At this point I think Mr. Jefferson, as well as the majority of those around him, would likely view the perpetrator as having lost a good bit of their humanity, and would likely be viewed as no longer being "a person" but closer in nature to a wild beast: uncivilized, unpredictable & surely dangerous, maybe even possessed (earlier times=backwards beliefs) & that the only appropriate response for such a situation would be capital punishment. An Eye for an Eye begets a Life For A Life and all that. It makes a certain amount of sense.
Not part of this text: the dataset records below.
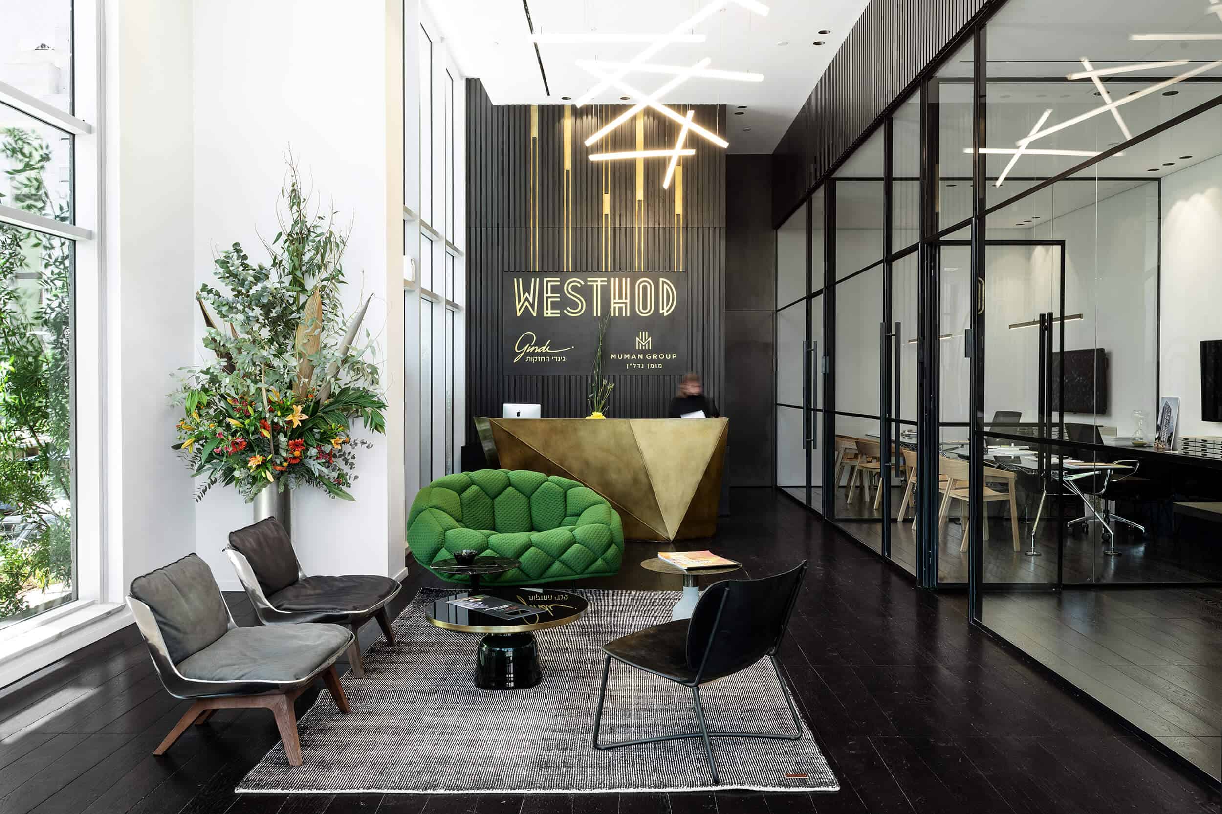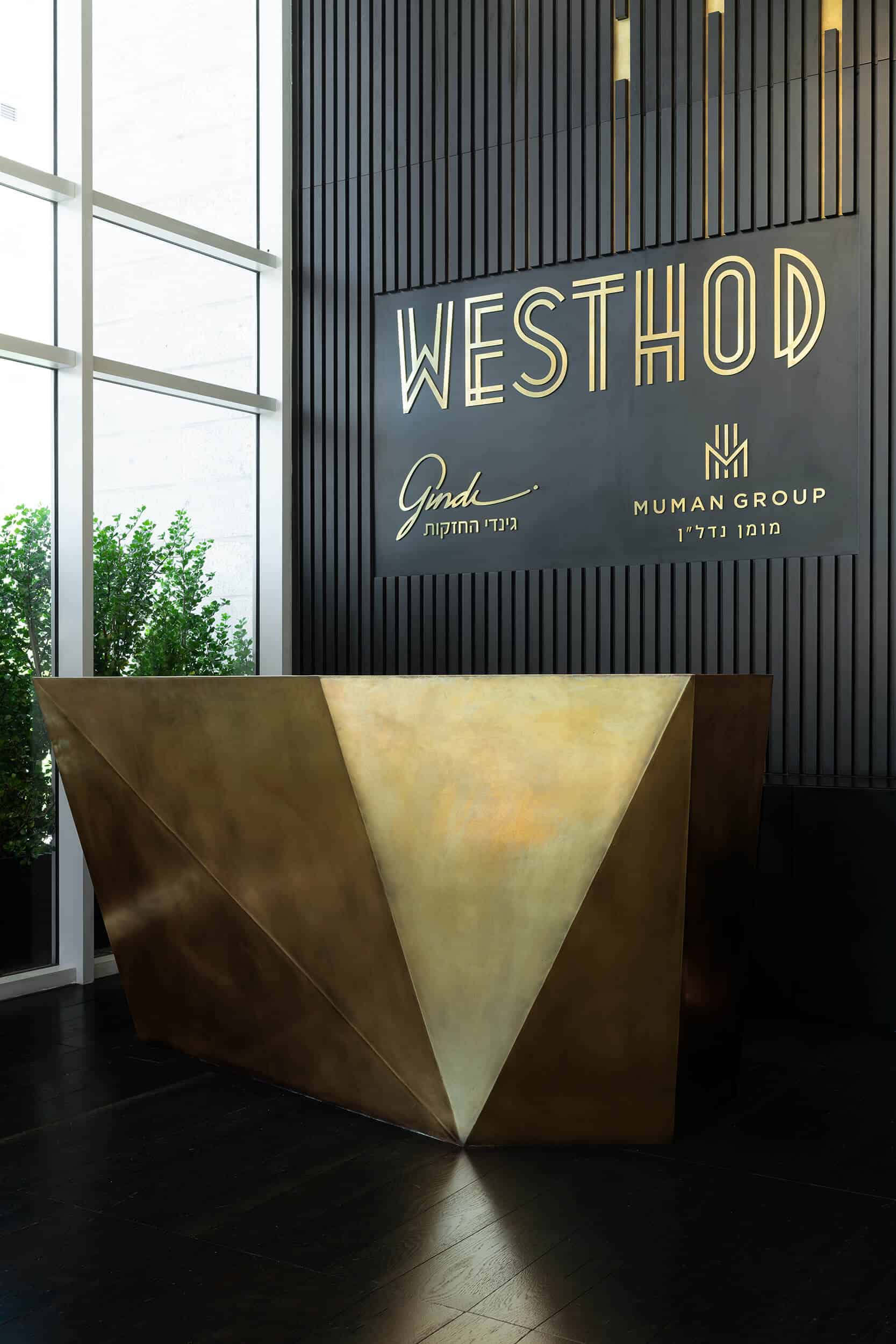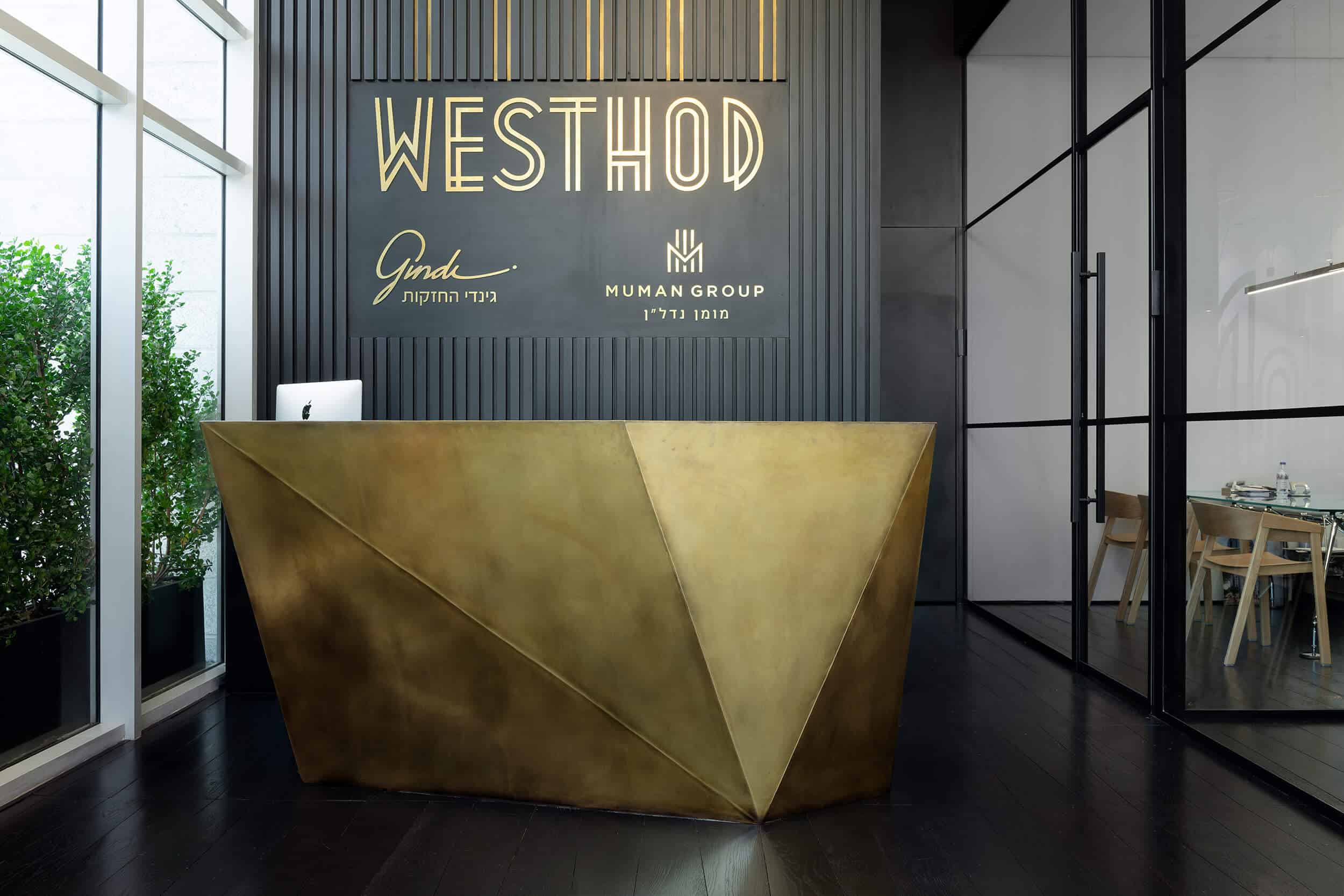 דלפק קבלה מברונזה במשרד מכירות גינדי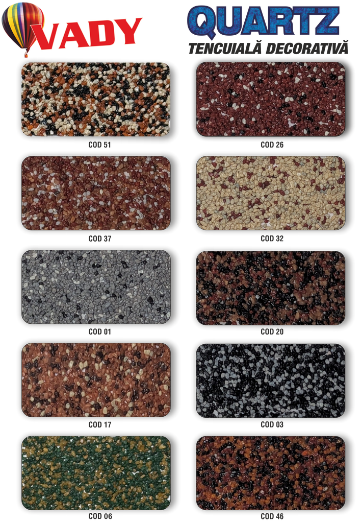 Produsul este un amestec omogen de lianți organici (rășini acrilice), umpluturi minerale (cuart-granule) și aditivi de finisare (dispersanți, antispumanți, stabilizatori, hidrofobizanți, îngroșători etc.), destinat finisării decorative și protecției pereților interiori și exteriori, fiind utilizat ca strat final de protecție pentru sistemele de izolație termică.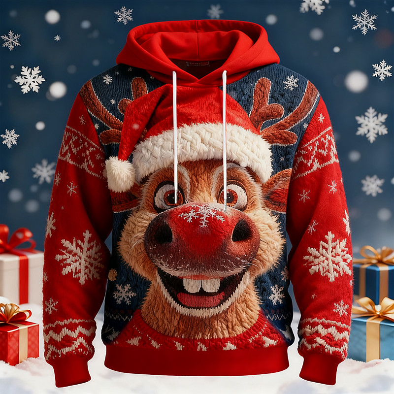 Christmas Men's Elk Hoodie Sweatshirt Fashion Daily Casual Long Sleeve Crew Neck Hooded Home Party Gift Blue Red Purple Green Drawstring Fall Winter Designer S M L XL XXL XXXL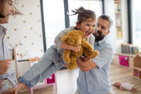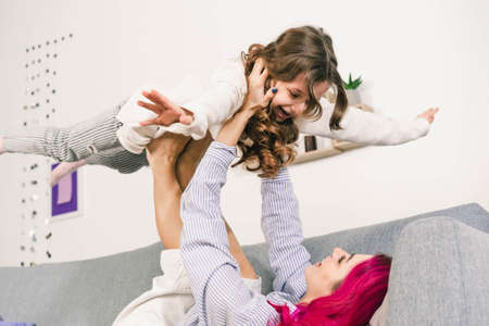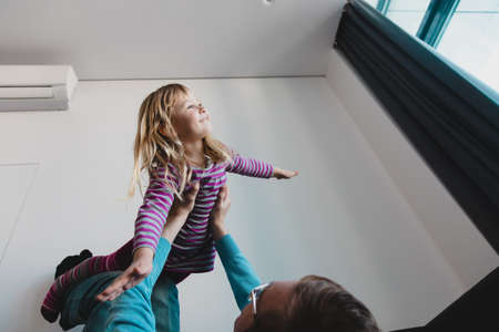 happy cute little girl flying in fathers arms in bedroom, single dad lifting cute little daughter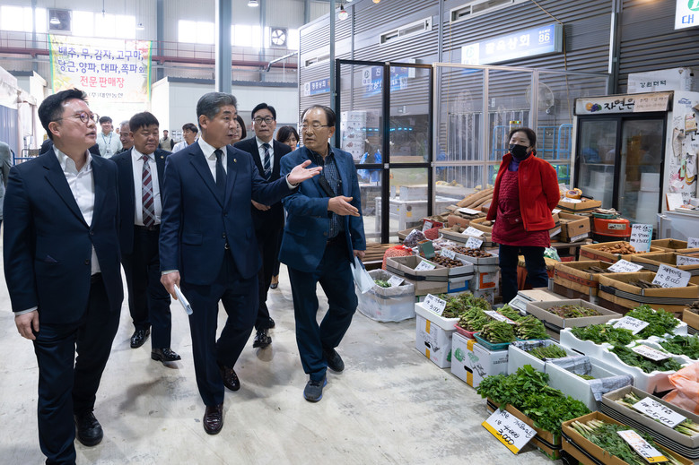 이날 산경위는 입지상의 문제로 인해 상대적으로 활기를 잃은 채소2동을 중점적으로 둘러보고, 중도매인들이 겪는 불편을 직접 확인했다.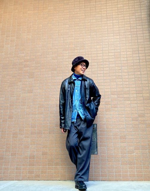 これも忘年会コーデを意識しました。ニットタートル、Gジャンインナー使いでレザーカバーオールジャケット。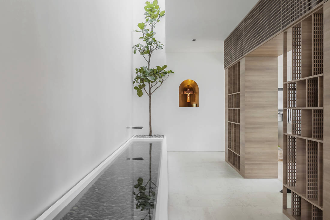 About the project: This house features a prayer space, designed as a sanctuary punctured only by daylight. An eight-metre long cabinet here incorporates bookshelves and storage space, while screening this space from the rest of the house. As for the rest of the house, colours and textures are also kept to a minimum to create stillness and visually bring in exterior’s surrounding greenery.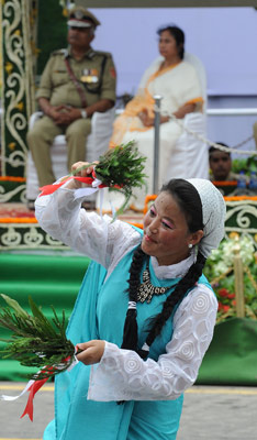 জাতীয় পতাকা উত্তোলনের পরে ঠিক মুখ্যমন্ত্রীর মঞ্চের সামনে শুরু হল রংবেরঙের গোষ্ঠীর কুচকাওয়াজ ও নানা ধরনের সাংস্কৃতিক অনুষ্ঠান। সুন্দরবন বালিকা বিদ্যানিকেতনের মেয়েদের নাচের সঙ্গে গান হল, ‘বিধির বাঁধন কাটবে তুমি এমন শক্তিমান!’ পুরুলিয়ার ছৌ থেকে উত্তরবঙ্গের গোর্খাদের কুকরি নাচ— সব-কিছুই ঠাঁই পেয়েছে বিনোদনের তালিকায়।
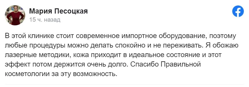В этой клинике стоит современное импортное оборудование, поэтому любые процедуры можно делать спокойно и не переживать. Я обожаю лазерные методики, кожа приходит в идеальное состояние и этот эффект потом держится очень долго. Спасибо Правильной косметологии за эту возможность.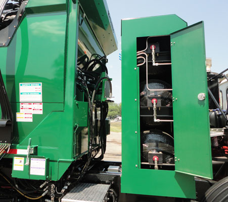 Instead of one large 80- gallon diesel tank on each sanitation truck, the new CNG trucks have three 25-gallon compressed natural gas tanks. The tanks are stacked between the cab and body or on the top of the body depending on the type of collection vehicle.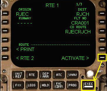 6R LSK ( ACTIVATE ) を押して、「EXEC」 キーを押す2段階の操作となっています。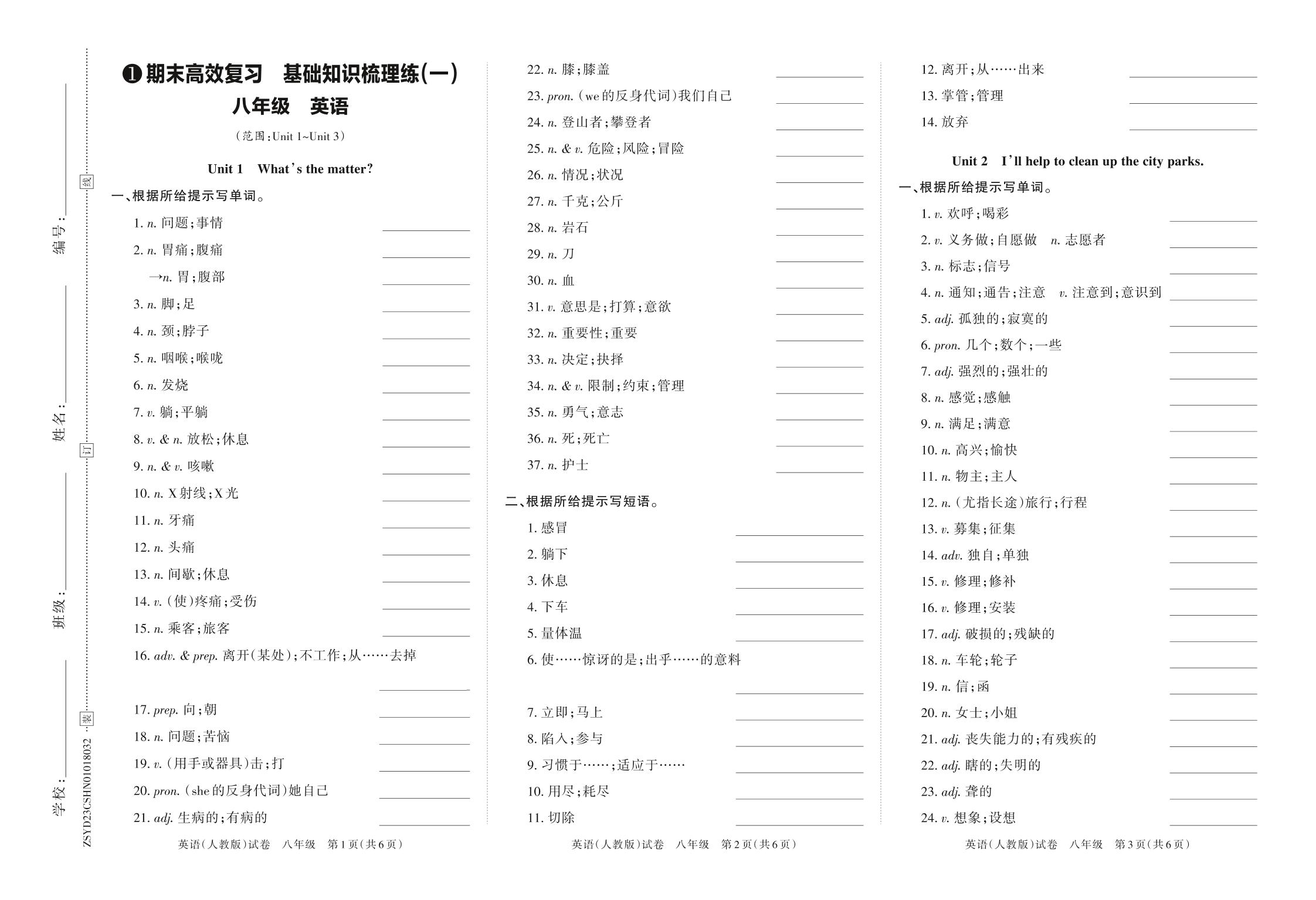 2023年春下册八年级英语人教版 期末高效复习 基础知识梳理练(一)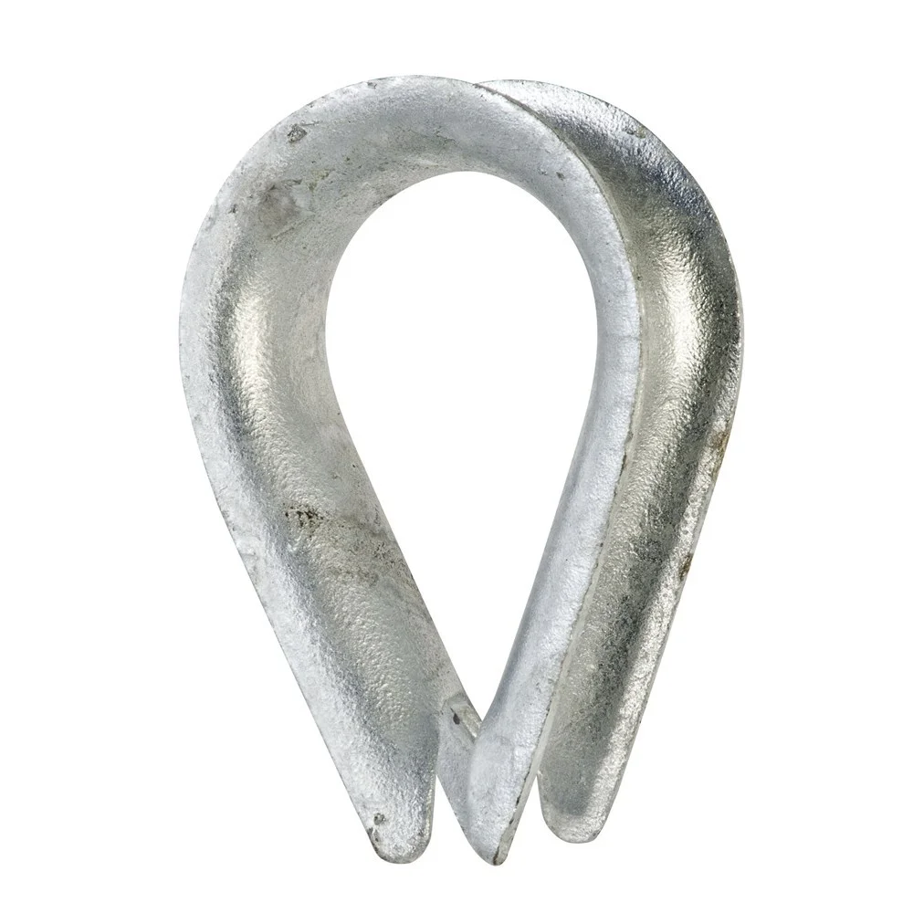 - Grooved bearing surface — guides the wire rope around a smooth curve, preventing kinking and sharp-angle stress at the loop.

Now, the second, more complicated reason... Understand also, that a precedent needed be set, because should consequences not be appropriately meted out, there stood (in the view of the Founders, I believe) a very real danger that things could slip into Anarchy & the brand new burgeoning Republic being built could go tits up in short order. There had to be a rule of law, and Mr. Jefferson was actually being prudent, because he understood that while far away from England, the building of a Nation was underway, something bold & radical & beautiful, and very well thought out; however, not everyone could have remained rock-solid in their conviction that things would work out if they persevered. Especially when the Founders (out of necessity) took the time to lay out the groundwork & get the foundation laid. They knew it wouldn't be perfect & there would be the need to evolve with times, but it was imperative to get it as close as it could possibly get to perfect, which took time & nobody wants the drafts, they want the final manuscript/writing. There had to be disharmony & uncertainty, it's human nature especially when constructing the archetype of a nation. I know, without doubt, that it had to weigh heavy on the Founding Fathers So providing the stability & reassurance of justice would go a long way towards assuaging doubt among the weary & demonstrating to those who were less scrupulous that while they escaped Tyranny they also escaped Injustice & while some ideals were reshaped basic tenements prevail, with among them being a Fair Judicial System for those who would oppress the freedom & liberty of others.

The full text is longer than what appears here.